November 23, 2020 | 2-minute read

Read Stories > Be Mindful of Your Alcohol Use During the Holidays

During the winter months, cold days are punctuated with warm holiday celebrations, time-honored family traditions, and peace and joy.

Though that picture is true for many in our nation, some people, including Veterans, may experience a holiday season filled with stress, loneliness, or depression. These feelings can lead to unhealthy behaviors, like misusing drugs or drinking too much.

From toasts at Thanksgiving to Christmas egg nog and New Year’s champagne, drinking is woven into many year-end social events. Even the celebratory atmosphere of watching a football game with family members can spur people to drink.

That’s what got to Lisa, a U.S. Marine Corps Veteran.
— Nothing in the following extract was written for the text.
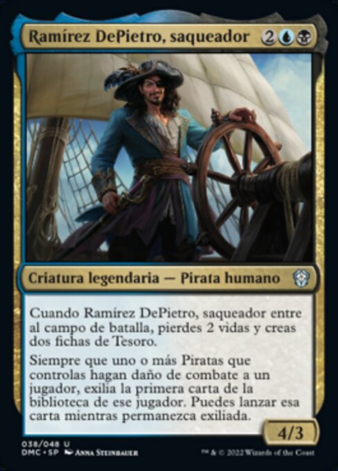 | Rules | When Ramirez DePietro, Pillager enters the battlefield, you lose 2 life and create two Treasure tokens. Whenever one or more Pirates you control deal combat damage to a player, exile the top card of that player's library. You may cast that card for as long as it remains exiled. |

She had completed treatment for substance misuse but hadn’t given up alcohol entirely when she went to watch a football game at her brother’s house.
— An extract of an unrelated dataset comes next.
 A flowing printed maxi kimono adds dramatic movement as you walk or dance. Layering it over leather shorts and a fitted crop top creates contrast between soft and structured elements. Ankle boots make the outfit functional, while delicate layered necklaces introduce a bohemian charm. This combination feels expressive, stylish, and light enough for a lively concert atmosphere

“It was after a Raiders game, and I was drinking, and I decided to drive home,” Lisa explains. “I could have walked home — I only lived about a mile [away].” Instead, she ended up with a DUI and spent 30 days in treatment.

This time, though, therapy showed Lisa that her substance use was largely rooted in anger, trauma, and depression, and she was able to stop drinking for good. “When I walked out of that treatment facility, I felt like I had a new outlook on life, a new freedom, and a new happiness,” she says.

Is the season the reason?

What causes some people to drink more at holiday time? Drinking too much can begin with trying to relax or celebrate, or it may stem from an attempt to dull difficult memories or ease stressful situations. The holiday season provides both the motive and means to overindulge.

End-of-year holidays can lead to increased pressures or stress, whether from decorating a house or experiencing homelessness, planning a meal or trying to find one, buying presents for 30 people or feeling guilty that you can’t do more. The busy nature of holiday shopping, planning, decorating, and traveling can become overwhelming, and these activities can be connected with emotional stressors like seeing your family, not seeing your family (a particular concern when physical distancing is required), or having no family to see. In addition, shorter days with less sunlight can intensify depression and bring about seasonal affective disorder (also called the “winter blues”).

Resources for evaluating your alcohol use

If you are concerned about drinking or maintaining sobriety around the holidays — or throughout the year — explore these sources of information and support for Veterans:

“It just doesn’t happen overnight,” Lisa says. “You have to be willing to look at your part in things, and it’s a lifetime process. It’s OK to ask for help.”